The management of isolated functional tricuspid regurgitation (TR) is under ongoing investigations as recent interventional breakthrough, such as transcatheter edge-to-edge repair (TEER). We aimed to assess whether and how such device would affect right and left reverse remodeling over time.

Method

This is a monocentric, prospective cohort of 10 consecutive patients treated by TEER between 2019 and 2022 who underwent successive cardiac magnetic resonance. Clinical and echocardiographic follow-up was performed up to 12 months after intervention.

Results

Overall patients were 81 [IQR: 77.5; 84.0] years old and 6 (60%) were women.

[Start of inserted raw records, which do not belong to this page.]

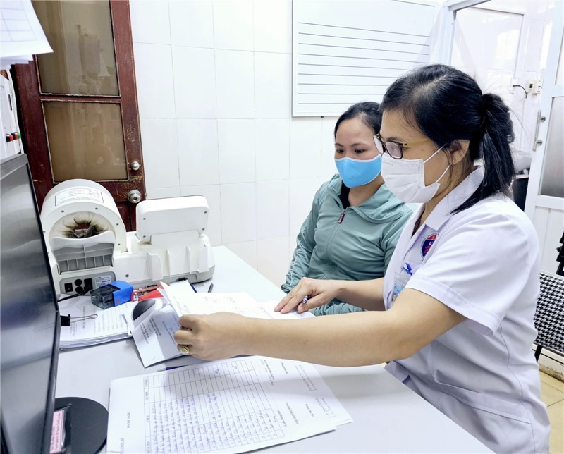 Bác sĩ tại Trung tâm Y tế thành phố tư vấn về cách chăm sóc và sử dụng thuốc cho các nữ CNLĐ.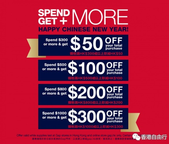 即日起至2月5日,购物满指定金额,即享精彩折扣优惠,让你尽情迎新接福;2月3日前,购物满HK$500,更可获赠Gap限量版新年手提袋一个!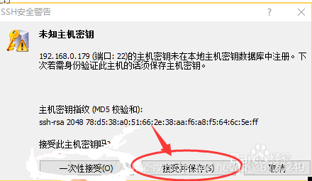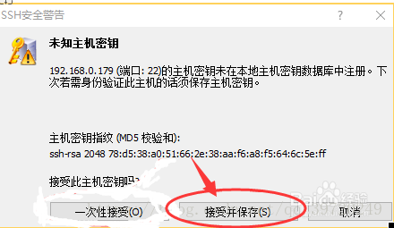 注意:xshell首次连接,一定要选择“一次性接受”:

TTE derived TR was reduced to stage moderate or less in 80% patients (n = 8) at discharge (P < 0.001) and in 77% (n = 7) at 1 year (P < 0.001) compared with 0% at baseline. CMR-derived Left ventricular ejection fraction (LVEF) and left cardiac output improved from 45 [IQR: 40; 56]% to 57 [IQR: 47; 57]% (P = 0.019) and from 2.6 [IQR: 2.1; 2.9] L/min/m2 to 3.1 [IQR: 2.6; 3.7] L/min/m2 (P = 0.020). The interobserver reliability of LVEF before and after TEER was r2 = 0.95 (P < 0.001) versus 0.95 (P < 0.001). Right ventricle end-diastolic volume (RVEDV) decreased from 107 mL/m2 [IQR: 75; 138] to 87 [IQR: 67; 115.0] mL/m2 (P = 0.039). There was no change in native T1 mapping. We found no non-ischemic late gadolinium enhancement. At 12 months, 67% of CMR patients presented with NYHA class I/II and KCCQ overall summery score increased from baseline 46 [IQR: 30.0; 49.1] to 66 [IQR: 57.4; 73.9] (P = 0.001).

Conclusion

TR TEER led to encouraging reverse remodeling of the left ventricle, combining a large increase in LVEF, cardiac output and LV stroke volumes. As we found no changes in myocardial fibrosis, our results suggest a tight interdependence between both ventricles and question the role played by the RV on left ventricular efficiency. Outcomes were consistent with clinical amelioration.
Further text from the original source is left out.